I used the loo anyway and ran a comb through my hair – no, I’d not had time to have it cut – before heading back to Griff, who was now mysteriously armed with a glass of champagne. Charles, appearing behind him, flashed a most gorgeous smile – I had a nasty idea he thought the huge beam I’d sent Griff was meant for him. But here he was, asking about my lunch preferences – it seemed Sir Richard was worried I’d not taken a break. A sandwich? Salmon or crayfish? And a glass of champagne too? And would I mind, he asked, when a few minutes later he brought a tray loaded with goodies, if he joined me? Since there was no longer any sign of Griff, and I’d seen Harvey leave with a very glamorous Eastern rug expert, I didn’t mind at all.
‘Well?’ Griff demanded, appearing from nowhere – had he been taking lessons from Titus? – a minute after Charles had
left with the empty tray. Apart from a few stallholders, most of whom were keeping an eye on their neighbours’ stands for them, the hall was pretty well deserted. Either there were long queues for lunch, or the food, like the so-called snack that Charles had shared with me, was so delicious that they were all lingering over it.

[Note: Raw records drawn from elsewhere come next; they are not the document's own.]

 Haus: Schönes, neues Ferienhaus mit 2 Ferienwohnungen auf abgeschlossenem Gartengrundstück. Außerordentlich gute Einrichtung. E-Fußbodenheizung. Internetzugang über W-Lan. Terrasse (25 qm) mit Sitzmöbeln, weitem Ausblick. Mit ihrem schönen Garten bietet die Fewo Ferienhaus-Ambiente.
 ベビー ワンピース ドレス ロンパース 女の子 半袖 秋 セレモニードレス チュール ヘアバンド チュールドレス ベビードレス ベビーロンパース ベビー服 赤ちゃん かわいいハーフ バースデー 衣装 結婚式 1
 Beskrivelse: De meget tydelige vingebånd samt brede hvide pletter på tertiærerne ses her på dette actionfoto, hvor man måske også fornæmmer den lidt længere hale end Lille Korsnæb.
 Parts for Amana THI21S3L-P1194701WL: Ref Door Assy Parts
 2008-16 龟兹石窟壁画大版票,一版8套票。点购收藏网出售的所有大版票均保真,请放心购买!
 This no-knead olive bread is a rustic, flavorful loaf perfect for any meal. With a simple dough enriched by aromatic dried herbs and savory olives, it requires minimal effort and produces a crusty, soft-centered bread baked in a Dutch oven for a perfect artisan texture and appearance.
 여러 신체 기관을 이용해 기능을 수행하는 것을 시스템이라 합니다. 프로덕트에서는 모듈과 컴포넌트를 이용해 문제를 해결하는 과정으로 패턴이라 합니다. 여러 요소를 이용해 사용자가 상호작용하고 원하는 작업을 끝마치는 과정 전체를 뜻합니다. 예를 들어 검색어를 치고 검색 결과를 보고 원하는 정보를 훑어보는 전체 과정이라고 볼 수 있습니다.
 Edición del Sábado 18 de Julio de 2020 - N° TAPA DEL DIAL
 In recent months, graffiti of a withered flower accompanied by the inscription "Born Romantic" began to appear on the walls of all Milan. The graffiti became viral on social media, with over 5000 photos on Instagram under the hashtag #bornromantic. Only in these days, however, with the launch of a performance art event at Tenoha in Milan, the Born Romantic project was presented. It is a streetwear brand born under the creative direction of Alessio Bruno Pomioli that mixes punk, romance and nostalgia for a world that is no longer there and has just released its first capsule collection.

‘Well what?’ I parried straight-faced.
‘Tell!’ he demanded, sitting down, ready for a long chat.
‘About Charles, I suppose,’ I said, with a sigh. ‘Can’t a girl have a secret romance these days?’ I added melodramatically.
‘So long as it’s secret between the two of us. Does he make your heart beat faster, loved one?’
‘He might do,’ I conceded. ‘Once I get to know him. Him as opposed to facts about him. And I don’t know many of those. He went to some school he seemed to think I should know about but was too polite to seem to mind when I didn’t. Millfield? Does that mean anything to you?’
‘A public school renowned for sport. Heavens, Lina, several of the England cricket team went there, so you should know that.’
‘So I should. But we didn’t mention cricket. He just told me about uni – Durham, I think. History. The trouble is,’ I confessed, ‘I like his voice so much, it’s hard to concentrate on what he’s actually saying.’
‘Did he say how he came to work for Richard?’
‘Ooooh, we’ve dropped the Sir, have we?’ I crowed mockingly. ‘Isn’t he his godson or something? There’s some family connection. Actually, he kept asking questions about me, which was polite of him.’
‘But it’s something you don’t like, isn’t it?’
‘Talking about my past, somewhere like this?’ I gestured. ‘It’s a good way to get sent back below stairs, where I belong, isn’t it?’
‘Your father wouldn’t agree you belong there,’ Griff said sternly. ‘It’s possibly the only opinion we share, of course.’
I grinned. Now wasn’t the time to tell him about Pa’s plans for a pad for me at his place. ‘Hey, have you seen your bedroom yet?’